Au-delà, la France appelle à une relance du processus de paix au Proche-Orient, avec pour objectif l’établissement de deux États, Israël et la Palestine, vivant côte à côte dans la paix et la sécurité, au sein de frontière reconnues, conformément au droit international et dans le cadre des paramètres internationalement agréés ».

La France semble incapable de soutenir Israël dans son droit de légitime défense. Du reste, que vaut ce prétendu droit à la sécurité s’il ne permet pas de riposter en cas d’attaque ? Le Quai d’Orsay renvoie Israël et le Hamas dos-à-dos, comme si l’on pouvait mettre sur le même  plan un Etat démocratique et une organisation terroriste, désignant indistinctement ceux qui se défendent et ceux qui agressent. Ce que le ministère des Affaires étrangères refuse d’admettre, c’est la responsabilité du Hamas et du Jihad islamique qui ont commis un crime de guerre en ciblant délibérément des zones habitées. Israël n’avait pas d’autre choix que de riposter.

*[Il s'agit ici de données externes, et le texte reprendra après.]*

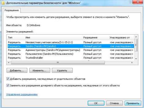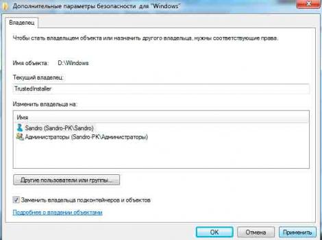 В открывшимся окне выбираем вкладку Владелец. Для 7-ки дополнительное действие, жмем "Изменить". В окошке «Изменить владельца на:» выбираем свою учетную запись. В моем случаем это Sandro. Ставим галочку «Заменить владельца субконтейнеров и объектов» жмем Ок.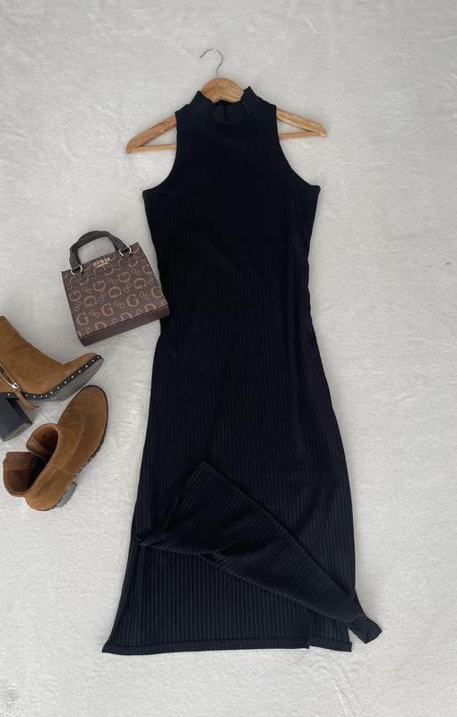 Платье черного цвета, прямого кроя, длина миди.Размер S-M.Ткань тянется.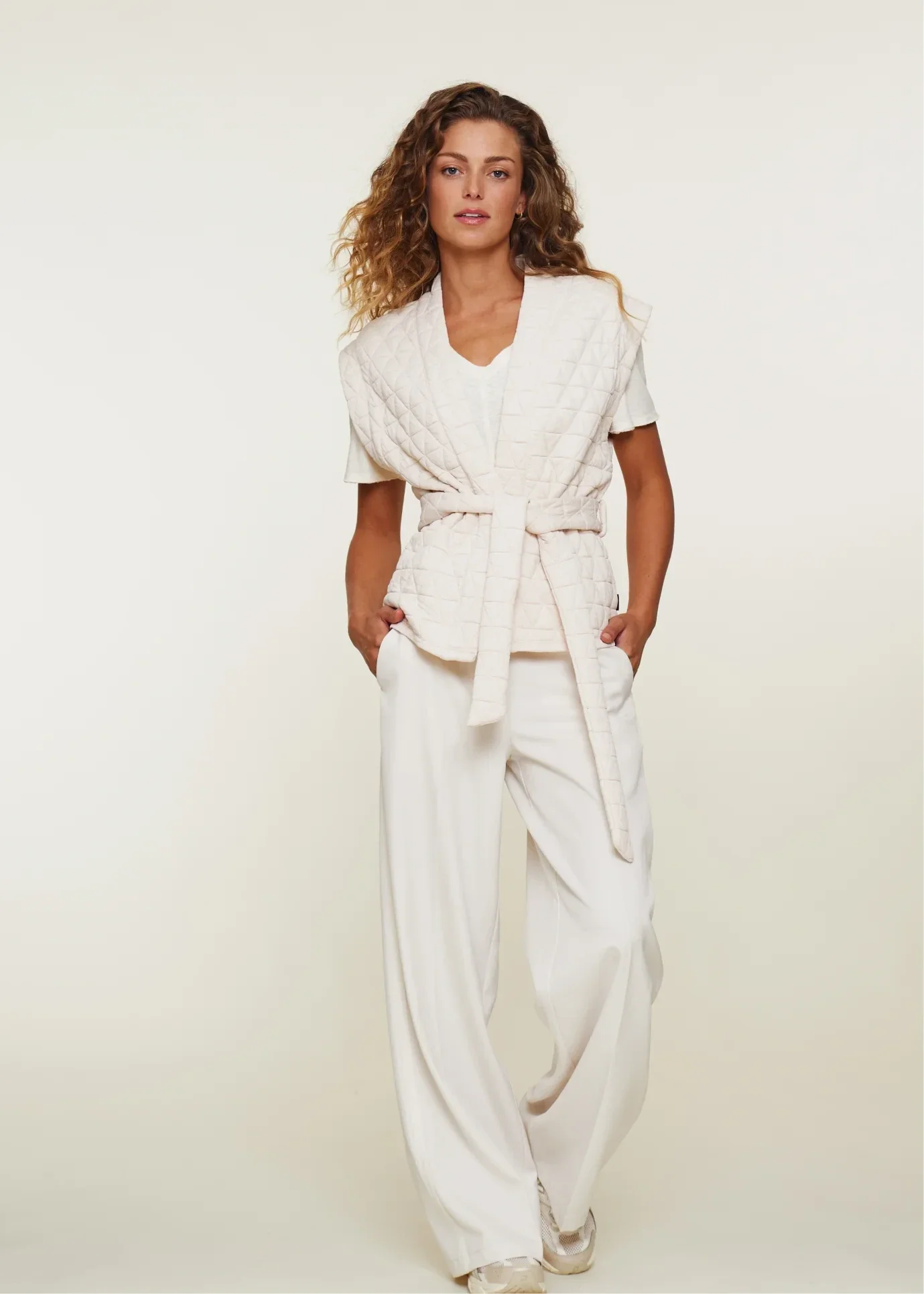 Dit elegante gilet is gemaakt van zachte jerseystof met een subtiel jacquardpatroon, wat zorgt voor een luxe look en ultiem comfort. Het mouwloze ontwerp en de tailleriem creëren een flatterend silhouet, waardoor het het perfecte stuk is om een stijlvolle en moderne touch aan je outfit toe te voegen. Draag het als een gelaagd stuk over een blouse of top voor een verfijnde look.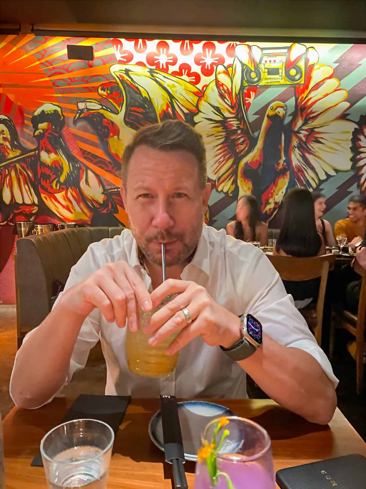 Black walls, dimmed lighting mixed up with massive pulp fiction-type murals dominated the walls, and funky-looking pigeons were painted everywhere, thanks to Street artist ZERO (Zulkarnaen Othman). This is not a lunch restaurant, more a feeling of being in a nightclub. More about that later.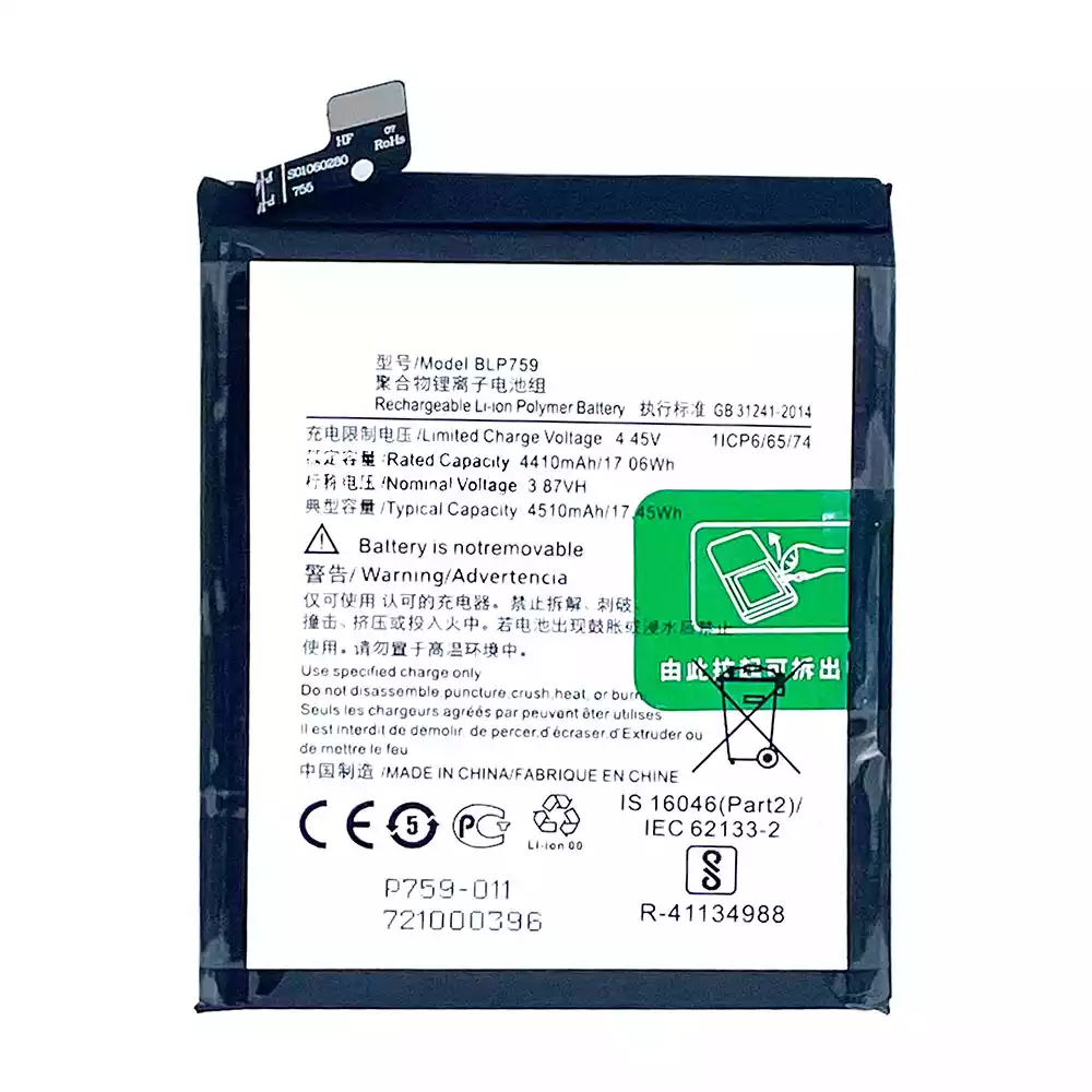 Aккумулятор BLP759 Применимый к OPPO 1+8Pro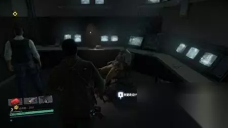 step4.两人来到一个黑暗的房间,使用照相机后按3键开启夜视模式。 然后调查监控的键盘。 监控视频内看见了布兰科波恩博士为暗卫军芳塔娜进行丧尸实验,而且芳塔娜强求布兰科波恩博士要尽快完成研究,此外芳塔娜还命令将一个“特殊”的实验体与其他普通实验体放在一起。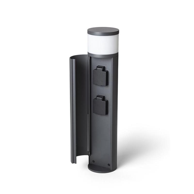 Zewnętrzna lampa słupkowa z dwoma oprawkami (Typ E) na źródła światła LED G9. Gniazda ukryte są w korpusie lampy za otwieraną pokrywą. Maksymalne obciążenie gniazd wynosi 2x2000W. Oprawka typu E jest standaryzowana dla następujących krajów: Belgia Czechy Francja Korsyka Polska Słowacja.
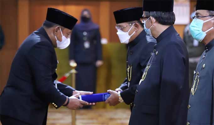 Sekdaprov Heru menyerahkan petikan pelantikan kepada Pejabat Tinggi Pratama yang baru dilantik. (Ist)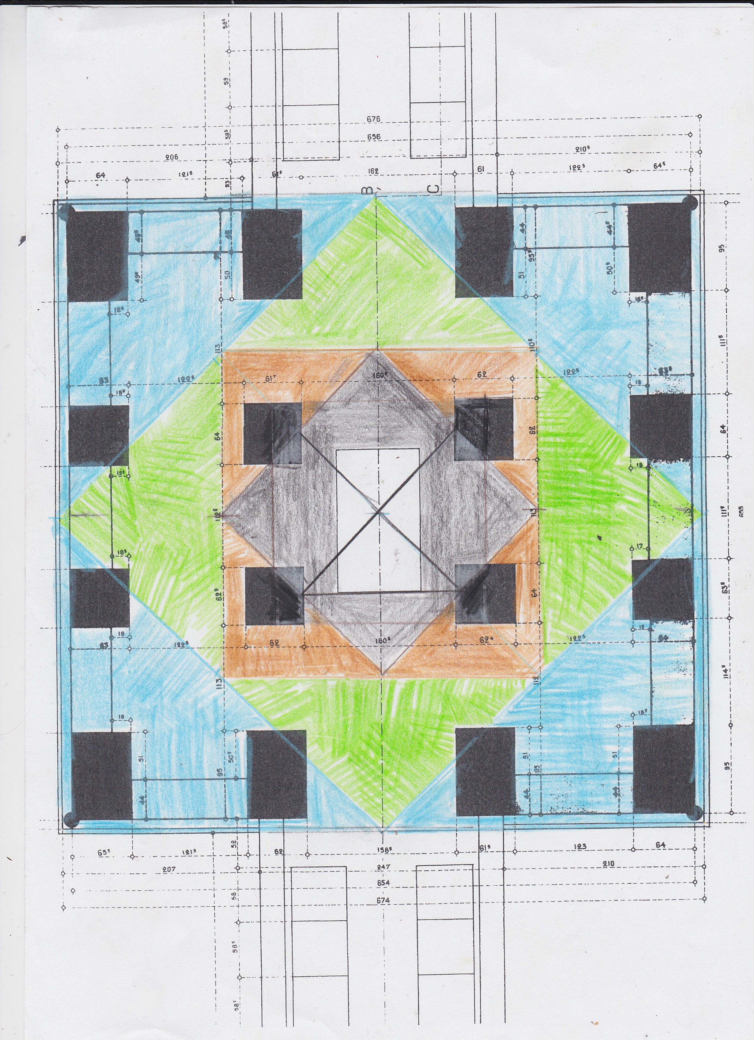 Une petite clarification de l'harmonie entre le carré du socle et les deux escaliers de part et d'autre.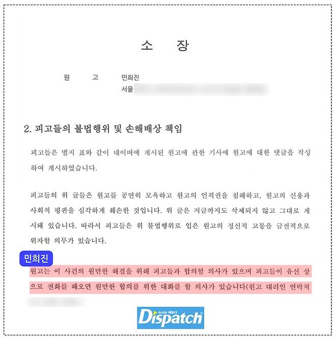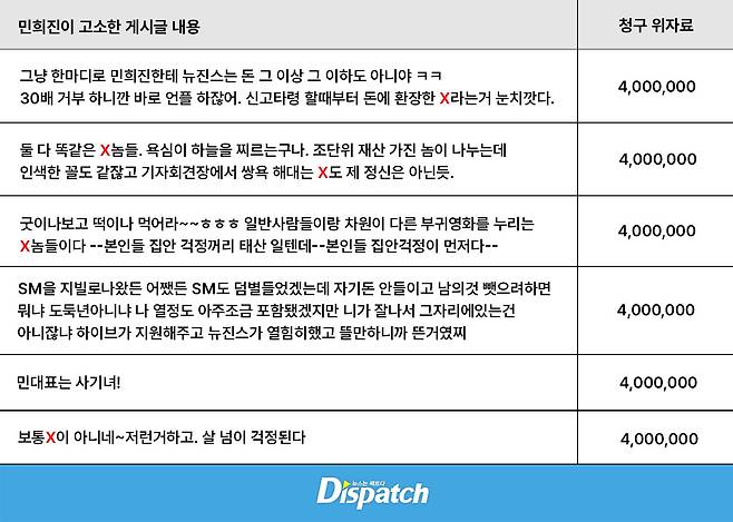 ‘디스패치’는 최근 민희진 측이 네티즌에게 보낸 고소장을 입수했다. 민희진 관련 기사에서 ‘년’이라는 욕설이 들어간 댓글을 채증, 300~400만원을 배상액으로 청구했다.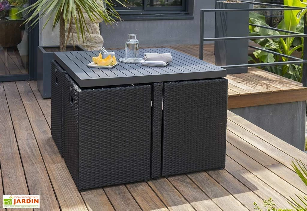 La table a une dimension de 105 x 105 x 74 cm (l,l,h). Les fauteuils mesurent 50 x 50 x 64 cm (l,l,h) et se rangent facilement sous la table. Le salon de jardin encastrable est livré en kit avec une notice de montage.

Si les 700 roquettes avaient été tirées sur un autre pays, nul doute que la condamnation du Quai aurait été bien plus ferme et plus franche face à l’intensité de l’offensive. Un deux poids deux mesures insupportable. Est-il trop difficile pour la France d’admettre que les Israéliens sont victimes du terrorisme palestinien ?

Pas une fois, pas une, le « Hamas » apparaît dans la déclaration. Or il est la cause du conflit à Gaza. Il est responsable de la misère du peuple qu’il prétend défendre et des guerres avec Israël qu’il a provoquées.

Si la France veut faire œuvre utile au Moyen-Orient, elle doit absolument faire preuve de lucidité. Sans vérité et sans justice – et cela vaut pour ceux qui se veulent médiateurs dans ce conflit, la paix ne restera qu’une chimère. Les innombrables provocations et actions criminelles des organisations terroristes palestiniennes doivent être condamnées sans détour et avec la plus grande fermeté car les abstractions sémantiques employées par le Quai pour les désigner ne font que les conforter dans leurs aspirations à détruire Israël.

Le conflit à Gaza de ces derniers jours a mis à mal la diplomatie française. Alors qu’elle avait l’opportunité de soutenir son allié israélien, elle s’est contentée d’une réaction mitigée où une fois encore elle a mis en avant l’urgence de parvenir à une solution à deux Etats qui n’aura pourtant aucune chance de voir le jour tant que les factions palestiniennes, qui ne reconnaissent pas Israël, feront usage de la violence et du terrorisme.